**Activity**
Up to and including the line with "Dulux / Дюлакс", write out the listing from its first line, minus the pictures.

**Records for the exercise**
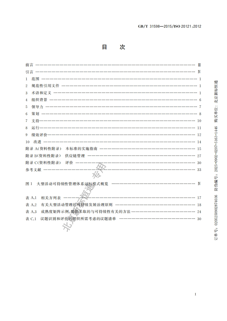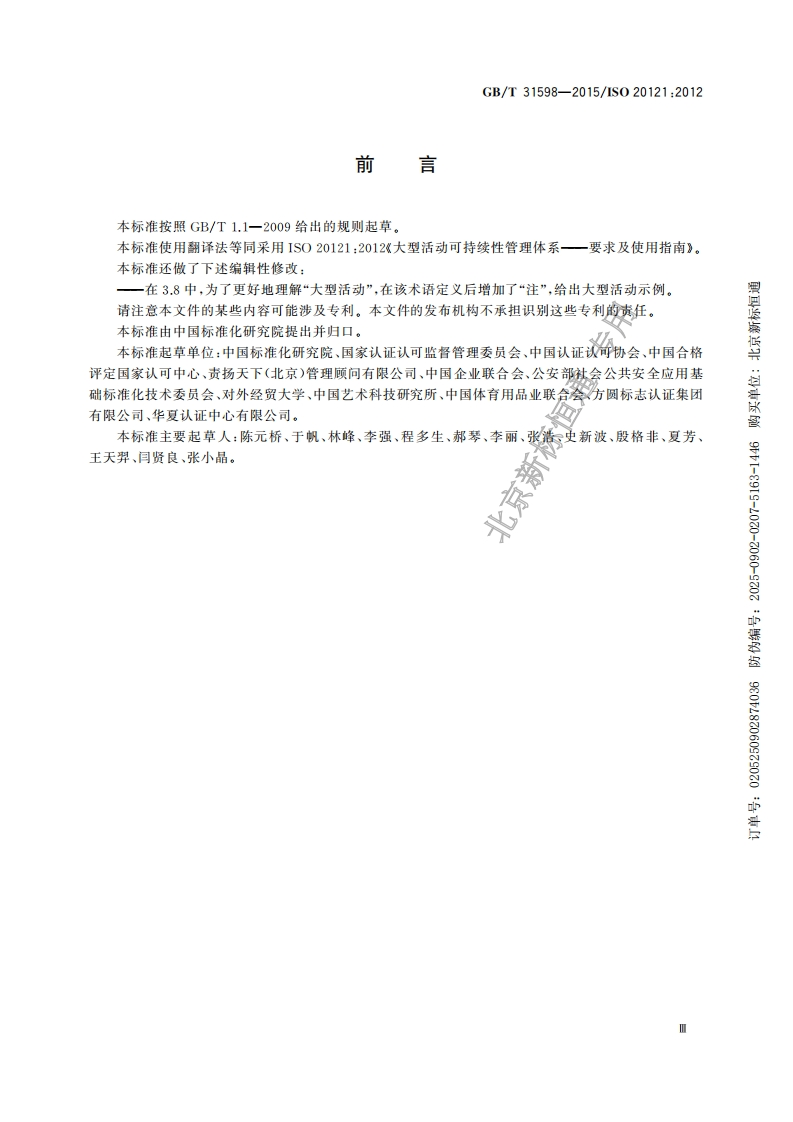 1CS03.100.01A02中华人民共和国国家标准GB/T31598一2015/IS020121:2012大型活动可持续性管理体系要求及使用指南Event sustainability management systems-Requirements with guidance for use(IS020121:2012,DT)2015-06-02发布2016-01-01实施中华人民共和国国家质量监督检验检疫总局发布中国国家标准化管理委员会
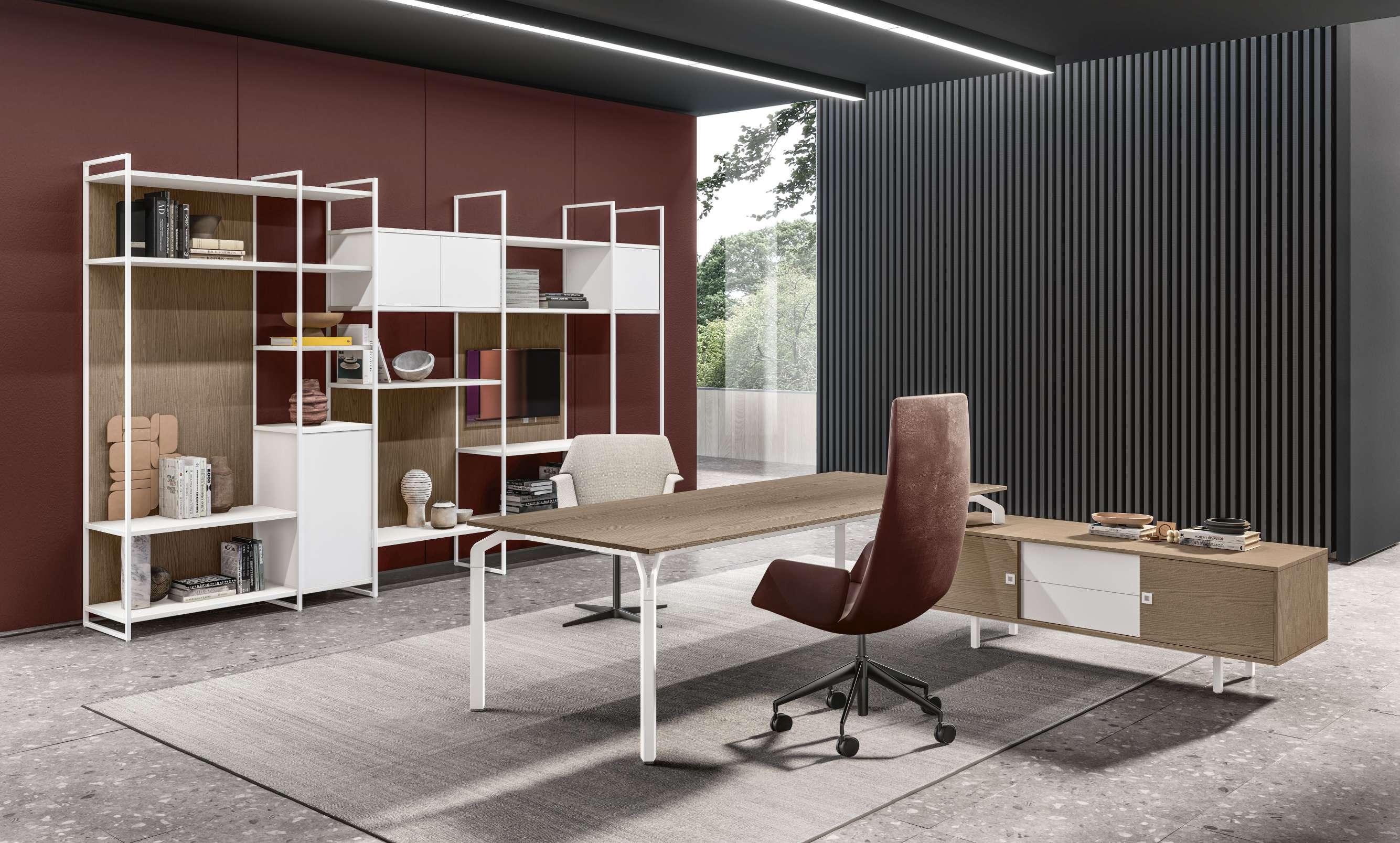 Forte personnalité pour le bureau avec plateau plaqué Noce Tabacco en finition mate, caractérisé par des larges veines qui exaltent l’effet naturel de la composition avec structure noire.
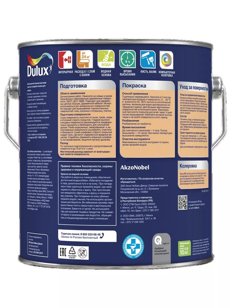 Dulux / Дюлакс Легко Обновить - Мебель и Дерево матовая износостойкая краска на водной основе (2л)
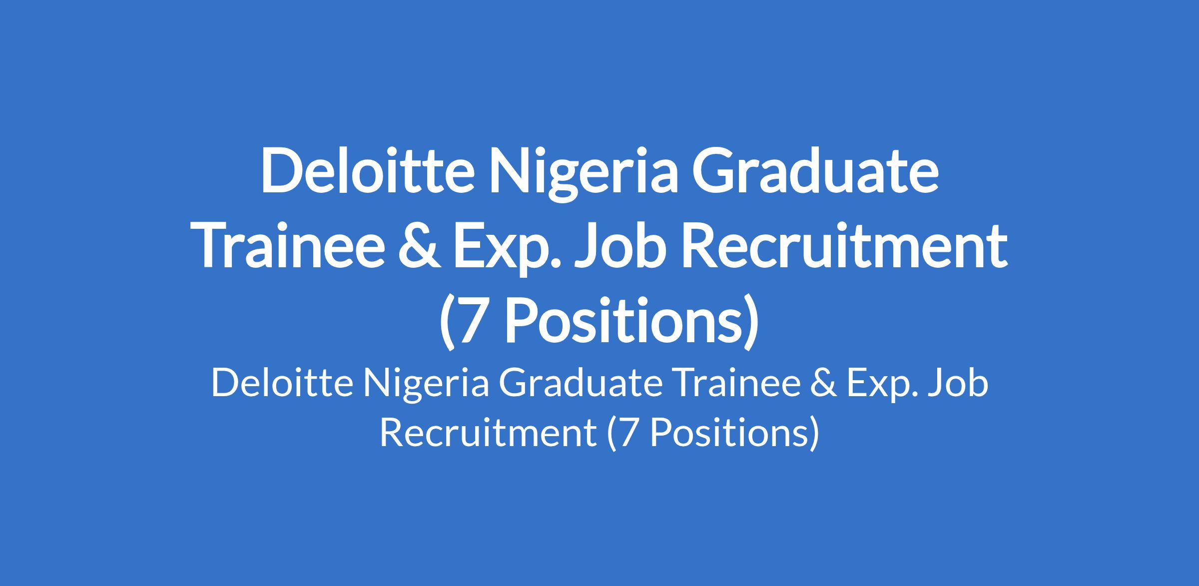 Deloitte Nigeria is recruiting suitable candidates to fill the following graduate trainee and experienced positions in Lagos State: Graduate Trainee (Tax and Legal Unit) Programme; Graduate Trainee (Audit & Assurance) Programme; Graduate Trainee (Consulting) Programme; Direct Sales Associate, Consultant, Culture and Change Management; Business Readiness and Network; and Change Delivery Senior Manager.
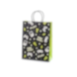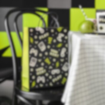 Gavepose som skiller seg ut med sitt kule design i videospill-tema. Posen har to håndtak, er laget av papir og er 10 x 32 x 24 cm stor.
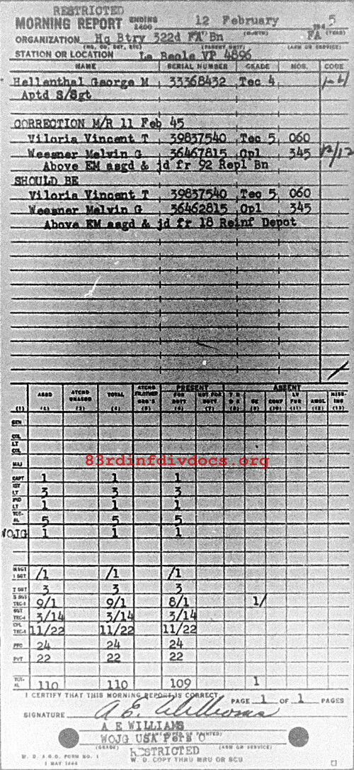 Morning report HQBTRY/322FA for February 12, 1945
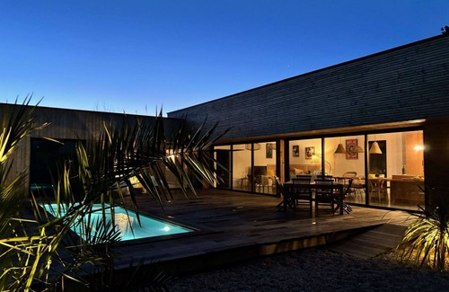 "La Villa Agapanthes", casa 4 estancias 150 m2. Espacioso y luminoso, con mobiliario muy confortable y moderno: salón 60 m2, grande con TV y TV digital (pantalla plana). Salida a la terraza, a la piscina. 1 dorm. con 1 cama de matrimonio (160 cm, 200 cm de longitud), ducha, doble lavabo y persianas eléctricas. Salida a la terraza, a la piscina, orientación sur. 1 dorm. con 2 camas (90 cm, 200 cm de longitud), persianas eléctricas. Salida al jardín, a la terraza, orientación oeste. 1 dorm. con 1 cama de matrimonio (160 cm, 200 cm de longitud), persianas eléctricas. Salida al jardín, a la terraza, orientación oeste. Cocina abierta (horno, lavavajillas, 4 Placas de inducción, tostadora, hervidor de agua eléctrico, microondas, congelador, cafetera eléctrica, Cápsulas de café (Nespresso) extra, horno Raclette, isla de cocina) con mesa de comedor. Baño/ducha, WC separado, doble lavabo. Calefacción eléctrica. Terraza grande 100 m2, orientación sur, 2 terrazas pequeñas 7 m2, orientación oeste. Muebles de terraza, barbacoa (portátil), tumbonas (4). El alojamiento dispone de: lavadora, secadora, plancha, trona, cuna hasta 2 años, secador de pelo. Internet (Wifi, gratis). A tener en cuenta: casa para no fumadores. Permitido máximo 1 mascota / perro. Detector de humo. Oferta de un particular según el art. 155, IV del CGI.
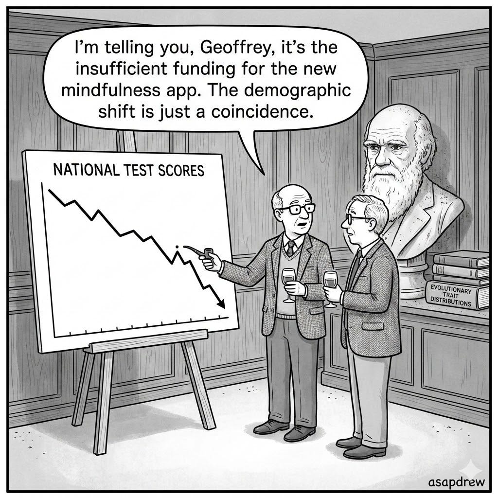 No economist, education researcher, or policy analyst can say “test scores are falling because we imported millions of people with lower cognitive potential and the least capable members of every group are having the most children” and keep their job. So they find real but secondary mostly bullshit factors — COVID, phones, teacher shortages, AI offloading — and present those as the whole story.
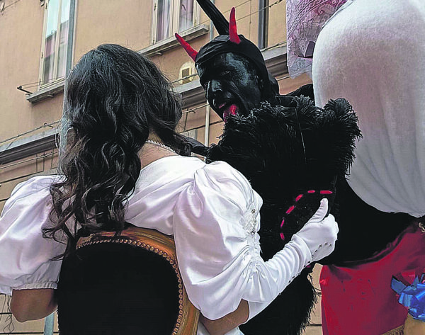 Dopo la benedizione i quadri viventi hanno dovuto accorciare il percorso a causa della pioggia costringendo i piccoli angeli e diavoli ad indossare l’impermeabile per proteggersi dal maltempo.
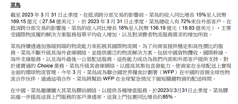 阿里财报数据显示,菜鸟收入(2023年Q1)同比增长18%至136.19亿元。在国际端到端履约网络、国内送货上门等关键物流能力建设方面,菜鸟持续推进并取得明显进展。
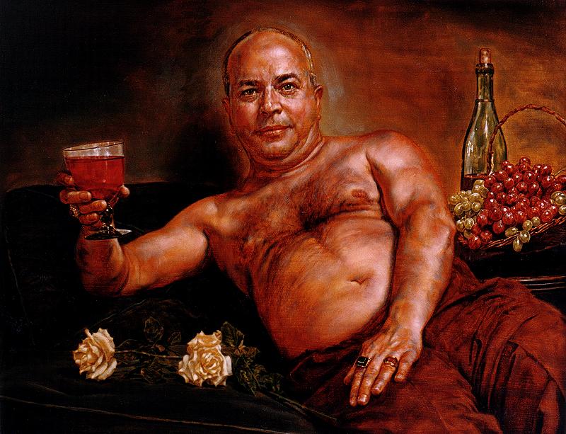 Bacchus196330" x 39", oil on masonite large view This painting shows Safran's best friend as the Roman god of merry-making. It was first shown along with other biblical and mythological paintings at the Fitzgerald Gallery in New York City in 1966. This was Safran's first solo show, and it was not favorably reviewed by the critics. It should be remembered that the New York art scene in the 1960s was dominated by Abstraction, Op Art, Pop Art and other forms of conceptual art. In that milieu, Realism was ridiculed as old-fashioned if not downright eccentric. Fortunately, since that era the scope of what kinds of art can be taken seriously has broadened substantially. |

**Response box**
 1CS03.100.01A02中华人民共和国国家标准GB/T31598一2015/IS020121:2012大型活动可持续性管理体系要求及使用指南Event sustainability management systems-Requirements with guidance for use(IS020121:2012,DT)2015-06-02发布2016-01-01实施中华人民共和国国家质量监督检验检疫总局发布中国国家标准化管理委员会
 Forte personnalité pour le bureau avec plateau plaqué Noce Tabacco en finition mate, caractérisé par des larges veines qui exaltent l’effet naturel de la composition avec structure noire.
 Dulux / Дюлакс Легко Обновить - Мебель и Дерево матовая износостойкая краска на водной основе (2л)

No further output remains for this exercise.